#### [PROBLEM DETAILS]
Print word for word the first line of the records below and every following line through the one containing "(서울=포커스뉴스) 더불어민주당 중진"; print nothing else.

Segment Start: PROVIDED DATA

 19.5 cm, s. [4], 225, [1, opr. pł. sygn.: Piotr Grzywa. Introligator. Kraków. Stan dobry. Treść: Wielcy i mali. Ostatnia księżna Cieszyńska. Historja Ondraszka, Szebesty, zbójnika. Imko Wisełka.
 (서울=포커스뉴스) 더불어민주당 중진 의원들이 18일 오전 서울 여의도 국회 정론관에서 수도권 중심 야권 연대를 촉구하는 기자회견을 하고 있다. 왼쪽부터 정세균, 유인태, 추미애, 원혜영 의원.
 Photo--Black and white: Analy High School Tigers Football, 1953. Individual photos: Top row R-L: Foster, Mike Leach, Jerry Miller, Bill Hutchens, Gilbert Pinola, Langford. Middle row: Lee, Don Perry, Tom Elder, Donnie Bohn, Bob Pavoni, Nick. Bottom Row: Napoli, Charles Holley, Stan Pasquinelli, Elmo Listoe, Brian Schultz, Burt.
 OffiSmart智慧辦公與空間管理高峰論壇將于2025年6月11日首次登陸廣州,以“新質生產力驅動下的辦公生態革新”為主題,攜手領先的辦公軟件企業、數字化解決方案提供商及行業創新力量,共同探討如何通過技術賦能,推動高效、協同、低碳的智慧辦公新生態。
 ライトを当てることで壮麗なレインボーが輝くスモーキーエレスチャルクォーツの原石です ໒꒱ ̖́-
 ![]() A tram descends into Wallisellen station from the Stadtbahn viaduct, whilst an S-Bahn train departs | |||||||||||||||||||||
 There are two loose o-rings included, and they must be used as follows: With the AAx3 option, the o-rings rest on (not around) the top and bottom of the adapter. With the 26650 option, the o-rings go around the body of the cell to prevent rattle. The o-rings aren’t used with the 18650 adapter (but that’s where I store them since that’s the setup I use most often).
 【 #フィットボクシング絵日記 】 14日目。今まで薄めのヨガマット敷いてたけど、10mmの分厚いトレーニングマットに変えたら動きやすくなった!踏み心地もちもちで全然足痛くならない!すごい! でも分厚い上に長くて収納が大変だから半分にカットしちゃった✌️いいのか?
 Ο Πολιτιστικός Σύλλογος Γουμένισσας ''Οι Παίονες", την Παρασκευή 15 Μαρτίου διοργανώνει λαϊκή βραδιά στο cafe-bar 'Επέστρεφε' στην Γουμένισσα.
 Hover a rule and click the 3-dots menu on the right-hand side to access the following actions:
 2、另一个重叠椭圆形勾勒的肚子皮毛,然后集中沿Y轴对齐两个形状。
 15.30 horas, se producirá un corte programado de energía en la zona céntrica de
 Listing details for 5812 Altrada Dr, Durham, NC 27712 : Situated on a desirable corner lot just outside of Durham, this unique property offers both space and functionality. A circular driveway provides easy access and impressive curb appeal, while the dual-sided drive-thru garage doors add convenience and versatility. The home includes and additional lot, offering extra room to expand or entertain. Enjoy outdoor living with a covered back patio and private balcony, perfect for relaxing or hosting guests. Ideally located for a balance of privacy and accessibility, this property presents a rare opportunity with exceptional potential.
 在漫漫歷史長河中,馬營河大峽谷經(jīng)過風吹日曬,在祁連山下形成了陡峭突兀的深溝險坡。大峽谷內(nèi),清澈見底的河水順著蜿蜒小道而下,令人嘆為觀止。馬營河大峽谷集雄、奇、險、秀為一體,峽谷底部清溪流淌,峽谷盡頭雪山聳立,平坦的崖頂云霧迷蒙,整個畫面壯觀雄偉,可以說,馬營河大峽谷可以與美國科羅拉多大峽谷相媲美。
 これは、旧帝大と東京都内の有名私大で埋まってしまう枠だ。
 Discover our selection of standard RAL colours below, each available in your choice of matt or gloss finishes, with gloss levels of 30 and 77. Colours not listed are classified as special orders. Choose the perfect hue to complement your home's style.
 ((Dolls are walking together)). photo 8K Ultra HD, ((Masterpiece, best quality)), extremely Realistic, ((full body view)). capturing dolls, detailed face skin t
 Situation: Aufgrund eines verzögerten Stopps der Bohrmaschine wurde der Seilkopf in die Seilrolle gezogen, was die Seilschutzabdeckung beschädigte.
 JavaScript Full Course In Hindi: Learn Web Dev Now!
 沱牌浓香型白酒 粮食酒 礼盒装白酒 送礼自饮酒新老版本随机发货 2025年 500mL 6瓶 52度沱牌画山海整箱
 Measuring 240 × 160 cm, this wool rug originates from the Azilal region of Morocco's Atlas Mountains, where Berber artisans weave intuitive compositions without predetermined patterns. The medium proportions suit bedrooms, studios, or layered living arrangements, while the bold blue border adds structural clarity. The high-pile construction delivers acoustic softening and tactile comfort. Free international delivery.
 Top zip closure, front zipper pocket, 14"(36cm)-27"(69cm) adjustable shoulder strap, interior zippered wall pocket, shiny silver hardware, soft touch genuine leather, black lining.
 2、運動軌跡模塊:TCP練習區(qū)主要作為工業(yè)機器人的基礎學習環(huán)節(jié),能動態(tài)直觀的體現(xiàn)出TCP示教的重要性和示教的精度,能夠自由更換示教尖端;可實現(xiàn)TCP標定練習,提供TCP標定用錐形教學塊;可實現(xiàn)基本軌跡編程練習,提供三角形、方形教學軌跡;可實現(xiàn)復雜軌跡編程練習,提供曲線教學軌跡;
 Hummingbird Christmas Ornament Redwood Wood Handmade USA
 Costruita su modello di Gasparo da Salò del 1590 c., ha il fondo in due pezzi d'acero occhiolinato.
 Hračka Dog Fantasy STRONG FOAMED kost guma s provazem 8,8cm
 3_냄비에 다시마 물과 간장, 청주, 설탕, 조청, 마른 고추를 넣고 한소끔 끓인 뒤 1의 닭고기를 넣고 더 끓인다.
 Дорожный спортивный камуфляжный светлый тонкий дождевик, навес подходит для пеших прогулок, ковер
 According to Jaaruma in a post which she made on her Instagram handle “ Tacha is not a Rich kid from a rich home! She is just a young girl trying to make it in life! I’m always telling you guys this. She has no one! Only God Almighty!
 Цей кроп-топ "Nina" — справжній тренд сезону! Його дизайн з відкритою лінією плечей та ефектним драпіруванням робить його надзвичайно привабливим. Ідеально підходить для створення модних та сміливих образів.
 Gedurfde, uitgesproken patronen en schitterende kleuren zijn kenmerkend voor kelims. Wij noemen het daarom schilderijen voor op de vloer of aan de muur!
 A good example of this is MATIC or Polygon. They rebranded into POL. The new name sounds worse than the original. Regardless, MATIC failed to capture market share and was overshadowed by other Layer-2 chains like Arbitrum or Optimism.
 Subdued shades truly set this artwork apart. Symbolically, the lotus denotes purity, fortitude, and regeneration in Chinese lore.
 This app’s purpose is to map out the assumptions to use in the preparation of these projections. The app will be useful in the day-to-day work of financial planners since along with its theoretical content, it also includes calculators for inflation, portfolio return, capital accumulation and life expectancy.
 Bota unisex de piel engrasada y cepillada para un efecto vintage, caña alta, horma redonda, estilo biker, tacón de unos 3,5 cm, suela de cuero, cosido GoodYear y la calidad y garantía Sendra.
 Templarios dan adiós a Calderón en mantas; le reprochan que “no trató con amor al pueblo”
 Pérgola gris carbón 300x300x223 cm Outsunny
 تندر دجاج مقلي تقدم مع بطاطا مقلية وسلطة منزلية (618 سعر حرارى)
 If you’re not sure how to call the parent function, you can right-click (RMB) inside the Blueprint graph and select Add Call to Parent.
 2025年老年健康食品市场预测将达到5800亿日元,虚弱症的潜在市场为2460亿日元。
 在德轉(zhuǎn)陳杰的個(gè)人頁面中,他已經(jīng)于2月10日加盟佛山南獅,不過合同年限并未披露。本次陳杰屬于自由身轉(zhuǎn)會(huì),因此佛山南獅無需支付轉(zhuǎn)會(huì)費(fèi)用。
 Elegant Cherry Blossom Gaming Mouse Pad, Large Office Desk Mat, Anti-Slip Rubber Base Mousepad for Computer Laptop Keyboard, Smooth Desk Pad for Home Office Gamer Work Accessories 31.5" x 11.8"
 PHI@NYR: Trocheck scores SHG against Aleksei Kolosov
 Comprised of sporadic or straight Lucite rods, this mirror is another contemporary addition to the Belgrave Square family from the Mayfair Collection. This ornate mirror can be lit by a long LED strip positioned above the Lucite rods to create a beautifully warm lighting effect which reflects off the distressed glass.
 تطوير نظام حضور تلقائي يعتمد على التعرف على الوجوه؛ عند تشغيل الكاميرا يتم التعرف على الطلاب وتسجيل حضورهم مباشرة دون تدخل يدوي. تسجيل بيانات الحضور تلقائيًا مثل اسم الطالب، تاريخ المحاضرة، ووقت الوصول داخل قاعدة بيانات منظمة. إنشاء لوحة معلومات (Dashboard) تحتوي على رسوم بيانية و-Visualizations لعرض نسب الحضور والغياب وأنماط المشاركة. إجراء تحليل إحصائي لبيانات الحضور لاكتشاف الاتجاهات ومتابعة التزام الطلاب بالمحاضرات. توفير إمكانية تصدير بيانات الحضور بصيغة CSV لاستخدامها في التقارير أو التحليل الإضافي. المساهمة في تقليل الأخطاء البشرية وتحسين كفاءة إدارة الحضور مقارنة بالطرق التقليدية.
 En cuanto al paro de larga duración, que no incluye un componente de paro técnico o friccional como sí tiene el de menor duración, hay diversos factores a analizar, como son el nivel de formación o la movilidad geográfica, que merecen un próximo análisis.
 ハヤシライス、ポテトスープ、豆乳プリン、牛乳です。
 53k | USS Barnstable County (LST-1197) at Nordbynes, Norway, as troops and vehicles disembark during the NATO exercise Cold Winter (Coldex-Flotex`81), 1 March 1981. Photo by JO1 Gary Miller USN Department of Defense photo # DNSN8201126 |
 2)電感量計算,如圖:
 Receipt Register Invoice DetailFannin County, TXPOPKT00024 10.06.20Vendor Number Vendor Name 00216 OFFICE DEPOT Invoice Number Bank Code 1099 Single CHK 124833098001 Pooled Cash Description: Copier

Segment End: PROVIDED DATA

#### [WRITTEN SOLUTION]
 19.5 cm, s. [4], 225, [1, opr. pł. sygn.: Piotr Grzywa. Introligator. Kraków. Stan dobry. Treść: Wielcy i mali. Ostatnia księżna Cieszyńska. Historja Ondraszka, Szebesty, zbójnika. Imko Wisełka.
 (서울=포커스뉴스) 더불어민주당 중진 의원들이 18일 오전 서울 여의도 국회 정론관에서 수도권 중심 야권 연대를 촉구하는 기자회견을 하고 있다. 왼쪽부터 정세균, 유인태, 추미애, 원혜영 의원.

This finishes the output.